CoQ10 attenuates neuron loss of DRG neurons in male db⁻/db⁻ mice. (A) Size distribution of DRG NPs of db⁻/db⁻ and control mice at 32/33 WoA. (B) Number of L5 DRG neurons in db⁻/db⁻ compared with control mice at 32/33 or 5/6 WoA. Q10⁻ and Q10⁺, without and with CoQ10 treatment, respectively. db⁻/db⁻, filled columns; control, open columns. *P < 0.05 vs. control.
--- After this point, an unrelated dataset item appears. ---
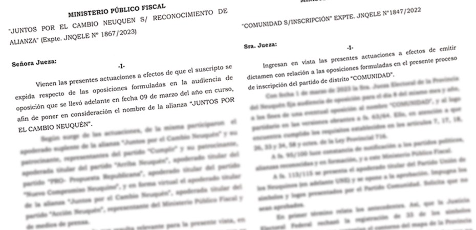 El Ministerio Público Fiscal de Neuquén (MPF) emitió dos dictámenes en torno a impugnaciones presentadas en el contexto de las próximas elecciones provinciales previstas para el 16 de abril: avaló el uso de la palabra “Neuquinizate” al partido “Comunidad” (sujeto a la decisión final de la Justicia Federal); y respaldó el uso del nombre de la alianza “Juntos por el Cambio Neuquén”.

The results are means ± SEM (for NP) or SD (for number of neurons). n = 5–6 mice.

Fig. 4.

CoQ10 treatment prevents a reduction of PLCβ3 expression in diabetic DRGs of male mice. (A–E) Studies on DRGs of db⁻/db⁻ and control mice showing PLCβ3 mRNA (A–C) or protein expression (D and E) in db⁻/db⁻ (A and D) and control (B, C, and E) mice at 5/6 WoA, respectively. (F and G) PLCβ3 mRNA in db⁻/db⁻ (F) and control (G) mice at 32/33 WoA. (H–K) PLCβ3-LI in db⁻/db⁻ (H and J) and control (I and K) mice at 32/33 WoA without (H and I) or with CoQ10 (J and K) treatment. (L) Western blot shows PLCβ3 in db⁻/db⁻ mice (Left bands) and db⁻/db⁻ mice treated with CoQ10 (Right bands). (M and N) Intensity (M) or percentage (N) of PLCβ3-IR NPs in db⁻/db⁻ and control mice with or without CoQ10 treatment. **P < 0.01 vs. control. The results are means ± SEM db⁻/db⁻, filled columns; control, open columns. n = 5–10 mice. [Scale bars: 50 µm (A = B and C; D = E; F = G and H–K).]